### [Work to be completed]
The data must be reproduced verbatim; images are to be omitted.

### [Dataset extract]

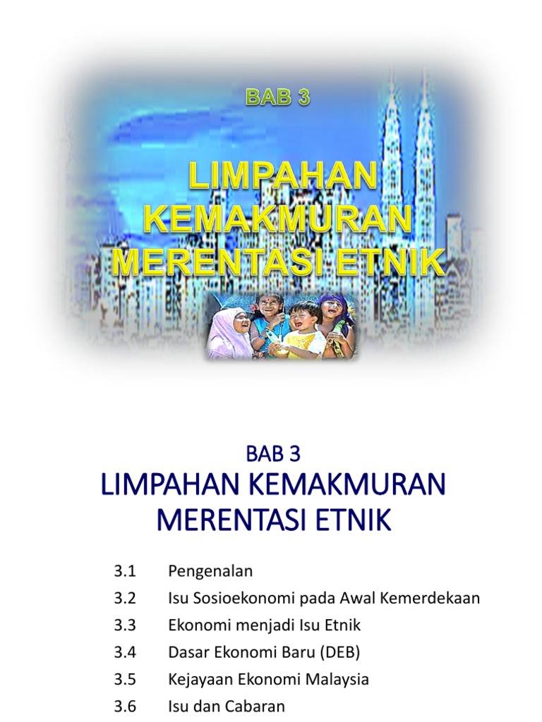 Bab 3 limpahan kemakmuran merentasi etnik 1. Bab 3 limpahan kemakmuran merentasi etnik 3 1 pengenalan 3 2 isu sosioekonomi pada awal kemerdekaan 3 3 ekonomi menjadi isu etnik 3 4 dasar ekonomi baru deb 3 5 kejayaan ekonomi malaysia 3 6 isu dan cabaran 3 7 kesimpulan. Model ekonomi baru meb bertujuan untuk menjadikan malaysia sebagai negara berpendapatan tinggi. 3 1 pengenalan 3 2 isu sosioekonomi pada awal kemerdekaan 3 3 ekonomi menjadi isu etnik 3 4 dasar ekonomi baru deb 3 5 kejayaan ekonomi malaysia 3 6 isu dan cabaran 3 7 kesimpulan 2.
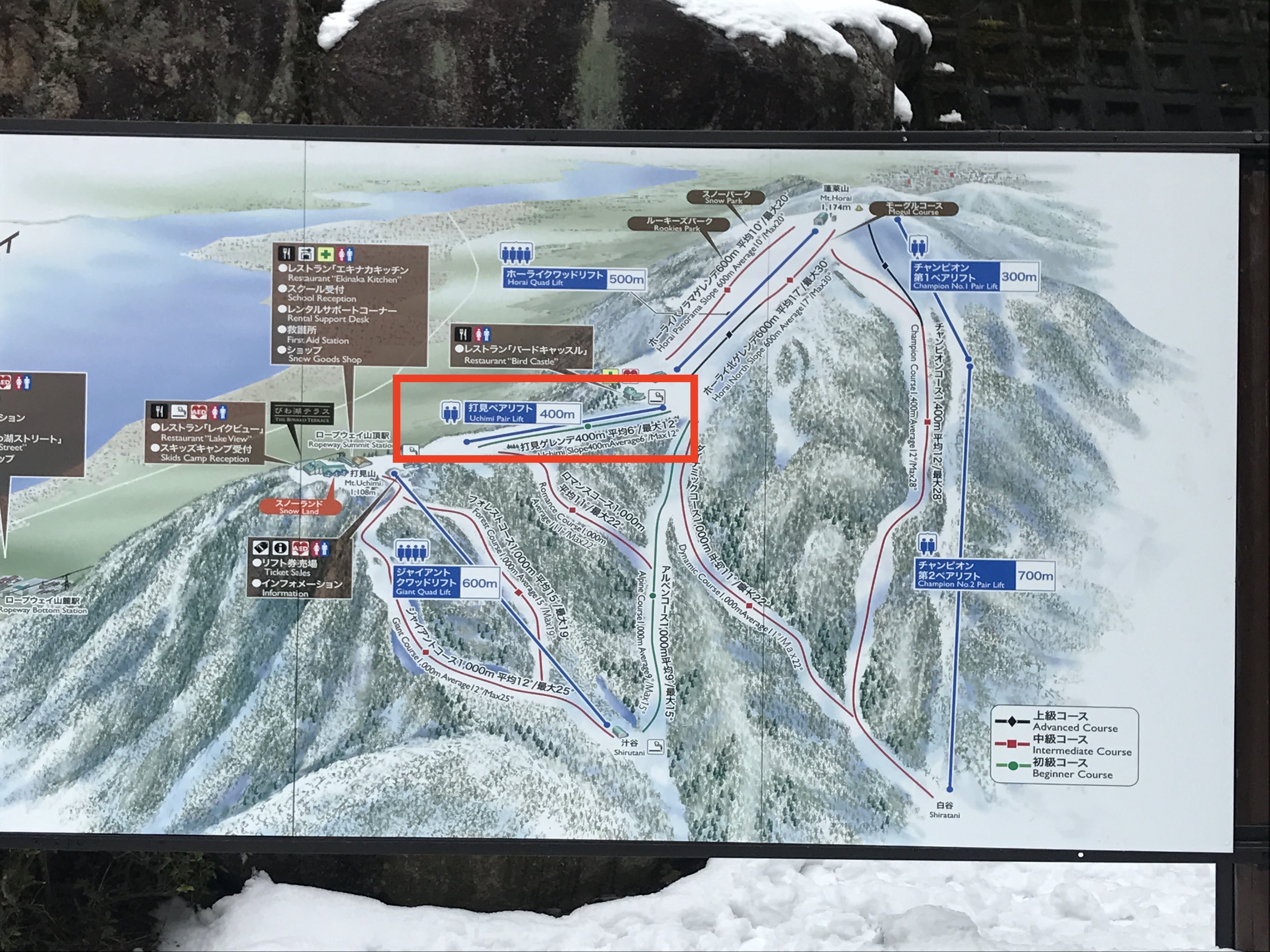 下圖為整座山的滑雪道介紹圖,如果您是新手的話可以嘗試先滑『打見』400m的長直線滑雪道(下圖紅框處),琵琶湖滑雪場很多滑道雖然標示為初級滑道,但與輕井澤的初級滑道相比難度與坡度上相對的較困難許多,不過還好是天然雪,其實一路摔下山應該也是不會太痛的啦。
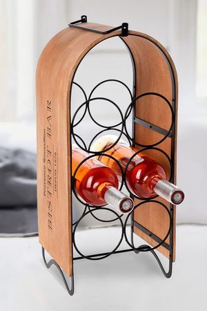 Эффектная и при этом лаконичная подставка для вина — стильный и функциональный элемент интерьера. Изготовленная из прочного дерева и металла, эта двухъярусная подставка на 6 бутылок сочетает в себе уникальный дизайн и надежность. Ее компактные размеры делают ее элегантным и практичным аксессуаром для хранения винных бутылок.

### [Task response]
 Bab 3 limpahan kemakmuran merentasi etnik 1. Bab 3 limpahan kemakmuran merentasi etnik 3 1 pengenalan 3 2 isu sosioekonomi pada awal kemerdekaan 3 3 ekonomi menjadi isu etnik 3 4 dasar ekonomi baru deb 3 5 kejayaan ekonomi malaysia 3 6 isu dan cabaran 3 7 kesimpulan. Model ekonomi baru meb bertujuan untuk menjadikan malaysia sebagai negara berpendapatan tinggi. 3 1 pengenalan 3 2 isu sosioekonomi pada awal kemerdekaan 3 3 ekonomi menjadi isu etnik 3 4 dasar ekonomi baru deb 3 5 kejayaan ekonomi malaysia 3 6 isu dan cabaran 3 7 kesimpulan 2.
 下圖為整座山的滑雪道介紹圖,如果您是新手的話可以嘗試先滑『打見』400m的長直線滑雪道(下圖紅框處),琵琶湖滑雪場很多滑道雖然標示為初級滑道,但與輕井澤的初級滑道相比難度與坡度上相對的較困難許多,不過還好是天然雪,其實一路摔下山應該也是不會太痛的啦。
 Эффектная и при этом лаконичная подставка для вина — стильный и функциональный элемент интерьера. Изготовленная из прочного дерева и металла, эта двухъярусная подставка на 6 бутылок сочетает в себе уникальный дизайн и надежность. Ее компактные размеры делают ее элегантным и практичным аксессуаром для хранения винных бутылок.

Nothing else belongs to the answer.